After file system processing, the request is sent to the block I/O layer. In the block I/O layer, block-oriented I/O requests are placed in request queues, where I/O merging and scheduling are performed for possible performance optimization. Finally, the request reaches the device driver layer and is eventually issued to the storage devices to access that particular block.

3. Motivations

Figure 5 also shows the current Linux readahead architecture. As shown in the figure, readahead logic is implemented at the VFS layer, which reflects the fact that user applications access storage devices by file abstraction. If the request is a read request and is a page cache miss, the request is handed over to the readahead module, which launches a synchronous or asynchronous readahead, as stated in Section 2.2.

Nevertheless, HDDs and SSDs are in fact block-based storage devices. As stated in Section 2.3, in Linux, the management of the block devices and their associated requests is handled at the block I/O layer. Therefore, current Linux SSD cache managers are all implemented at the block I/O layer.

In an SSD-based caching storage system, the following two characteristics greatly impact readahead performance:

The performance models of HDDs and SSDs are drastically different. Since SSDs have no mechanical moving parts compared to HDDs, they provide much better performance, especially for read operations. In addition, HDD sequential reads are much faster than HDD random reads. By contrast, in SSDs the performance of sequential reads and sequential writes are similar.
The I/O workloads applied to HDDs and SSDs are also different.

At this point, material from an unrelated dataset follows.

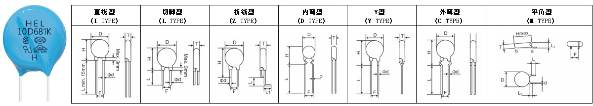 Remark: the Impluse voltage testing standards(1.2/50μs) with 40 times are only applicable to the products which with the varistor voltage more than 430V.

Since SSDs and HDDs have different performance models, an SSD cache manager should exploit the complementary properties of SSDs and HDDs. For example, bcache and profit caching differentiate random accesses from sequential accesses and only cache randomly accessed data in SSDs [8,11]. Therefore, data cached in SSDs exhibits different access patterns compared to data stored in HDDs.

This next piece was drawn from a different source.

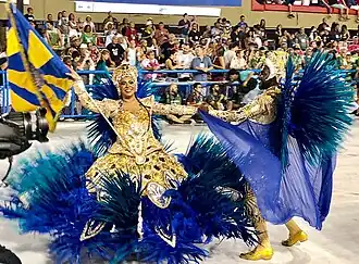 Ala 17 (Bateria): "Feitores"![]() Rainha de Bateria (Carol Marins): "Espírito Quilombola" A rainha de bateria, Carol Marins, desfilou com fantasia dourada com costeiro de plumas azuis e penas de faisão preto, simbolizando o "espírito quilombola" dos escravizados que sonhavam com a liberdade. |

Consequently, in an SSD-based caching storage system, a well-behaved prefetching algorithm should adopt different prefetching policies for HDDs and SSDs. Nevertheless, in the current Linux system, since the readahead scheme is located at the VFS layer and the SSD cache manager is implemented at the block I/O layer, the readahead logic has no idea on which physical storage device the accessed data blocks are stored. As a result, the current Linux readahead scheme lacks good support for data prefetching on SSD-based caching storage systems.

4. Design and Implementation

4.1. System Architecture

To address the limitations of the Linux readahead scheme, we propose a new readahead architecture for Linux to properly support SSD-based caching storage systems, thus using different prefetching policies for SSDs and HDDs.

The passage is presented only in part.